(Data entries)
· · · · ·
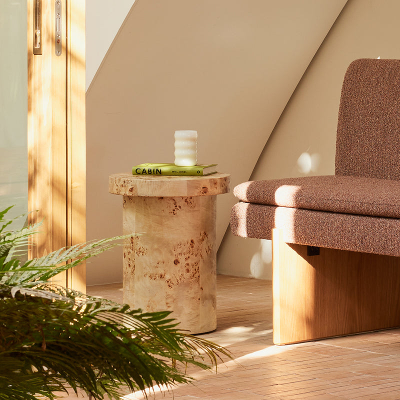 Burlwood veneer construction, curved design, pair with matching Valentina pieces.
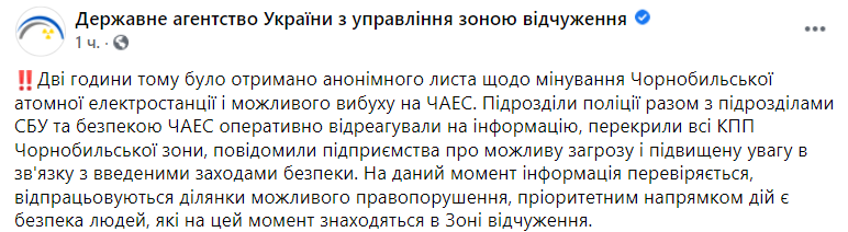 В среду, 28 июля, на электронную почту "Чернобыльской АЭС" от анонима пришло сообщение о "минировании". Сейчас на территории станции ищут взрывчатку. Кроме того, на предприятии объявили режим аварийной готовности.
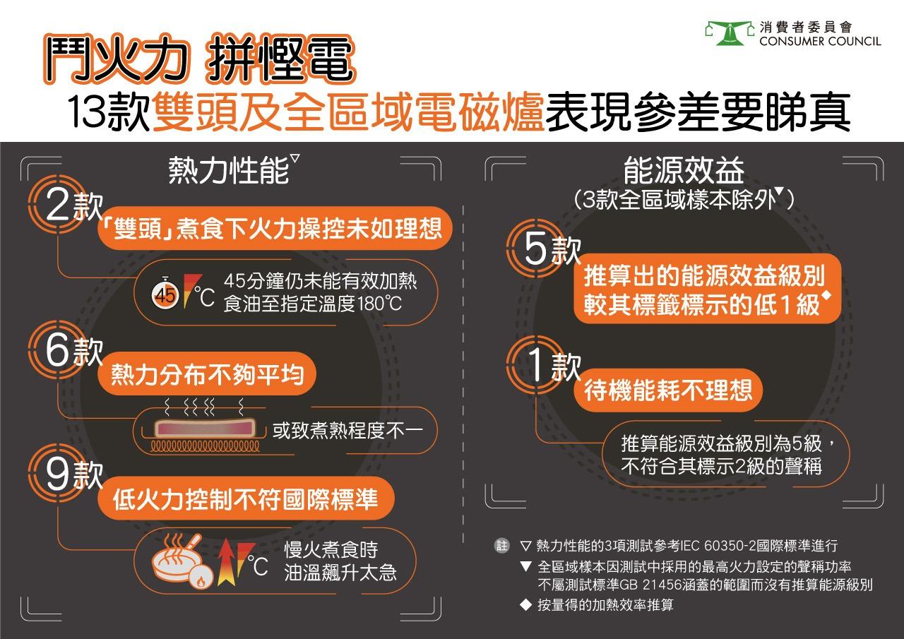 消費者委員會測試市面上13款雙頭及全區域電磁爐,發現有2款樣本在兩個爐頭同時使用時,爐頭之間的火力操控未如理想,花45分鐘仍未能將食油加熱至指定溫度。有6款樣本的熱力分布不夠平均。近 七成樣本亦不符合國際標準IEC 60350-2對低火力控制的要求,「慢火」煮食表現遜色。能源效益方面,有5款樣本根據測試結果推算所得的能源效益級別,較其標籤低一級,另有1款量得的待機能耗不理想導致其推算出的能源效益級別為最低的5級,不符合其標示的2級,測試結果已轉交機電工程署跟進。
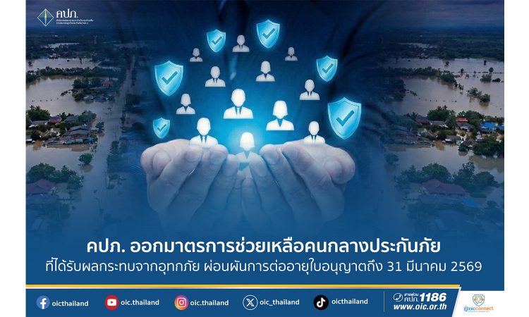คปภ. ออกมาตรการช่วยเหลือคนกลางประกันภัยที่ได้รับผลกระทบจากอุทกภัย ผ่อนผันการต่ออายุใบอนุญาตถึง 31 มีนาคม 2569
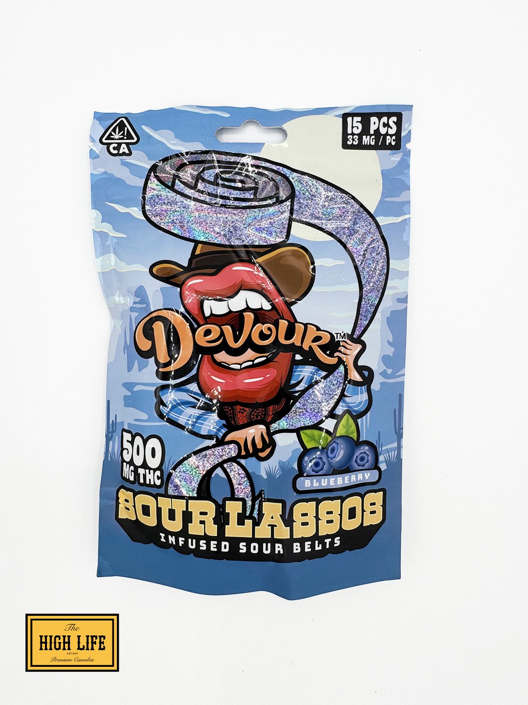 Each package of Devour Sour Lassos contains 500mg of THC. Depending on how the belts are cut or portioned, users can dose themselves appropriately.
· · · · ·
Problem to work on
Could you reproduce exactly the lines from the one containing "31 มีนาคม 2569" through the last line of the records, both included, leaving out the pictures?

Written reply
คปภ. ออกมาตรการช่วยเหลือคนกลางประกันภัยที่ได้รับผลกระทบจากอุทกภัย ผ่อนผันการต่ออายุใบอนุญาตถึง 31 มีนาคม 2569
 Each package of Devour Sour Lassos contains 500mg of THC. Depending on how the belts are cut or portioned, users can dose themselves appropriately.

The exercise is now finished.